-- Information provided follows --

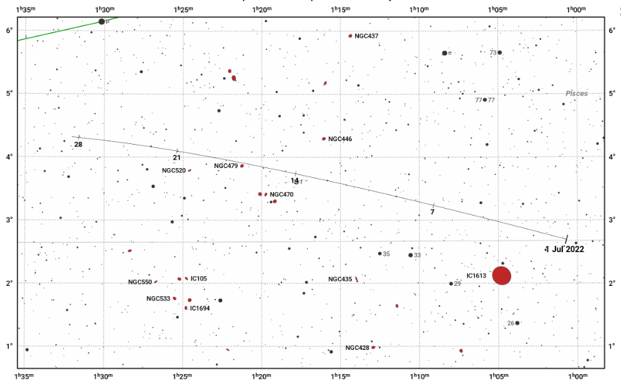Vyhľadávacia mapka kométy 22P/Kopff (čiara s dátumami) v súhvezdí Rýb.
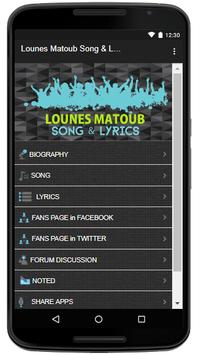 In this apps you can get info about Lounes Matoub biography, Tour Dates, with links to social media singer,Facebook, Twitter, Fan chat, add notes, play music with stream online and lyrics on songs Lounes Matoub
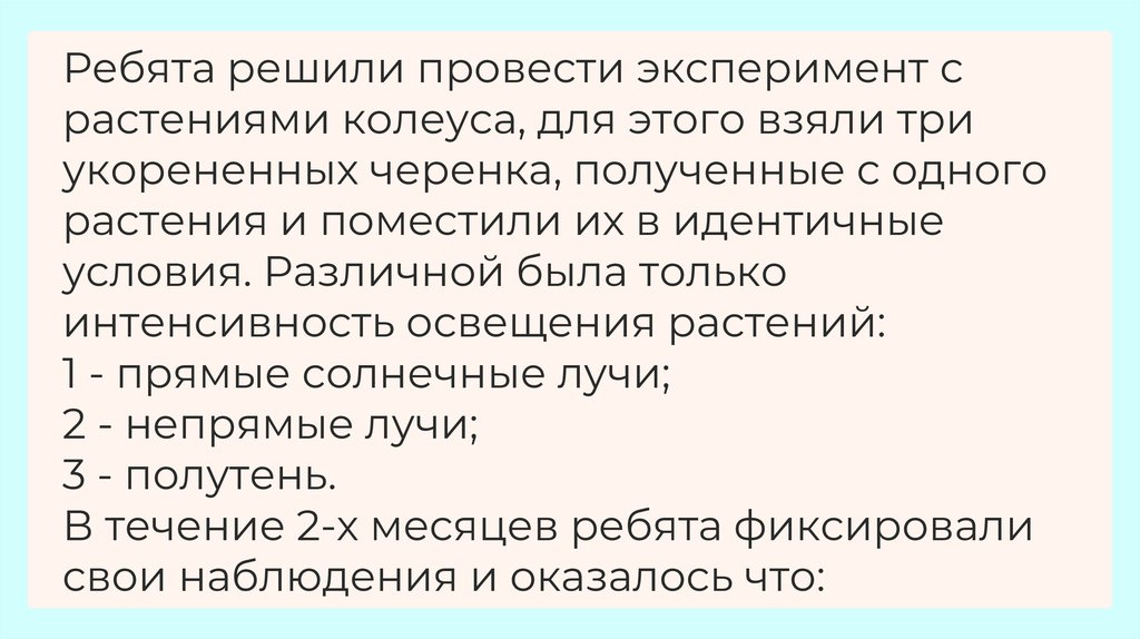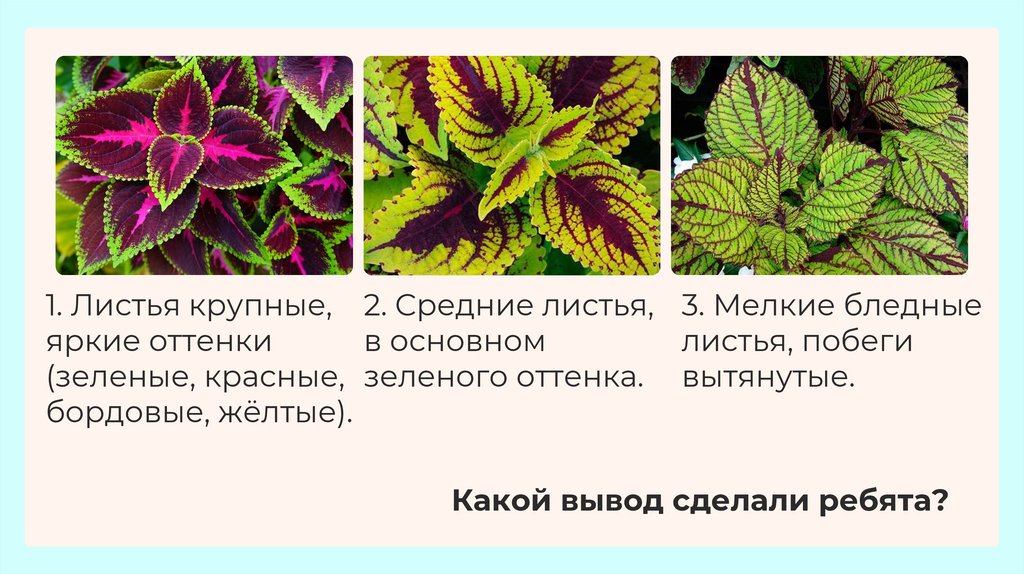 Ребята решили провести эксперимент срастениями колеуса, для этого взяли три

-- Information provided concluded --

> Exercise goal:
Copy exactly, please, the lines that run from the line holding "In this apps" through the closing line of the material above, omitting every picture.

> Reply to the exercise:
 In this apps you can get info about Lounes Matoub biography, Tour Dates, with links to social media singer,Facebook, Twitter, Fan chat, add notes, play music with stream online and lyrics on songs Lounes Matoub
 Ребята решили провести эксперимент срастениями колеуса, для этого взяли три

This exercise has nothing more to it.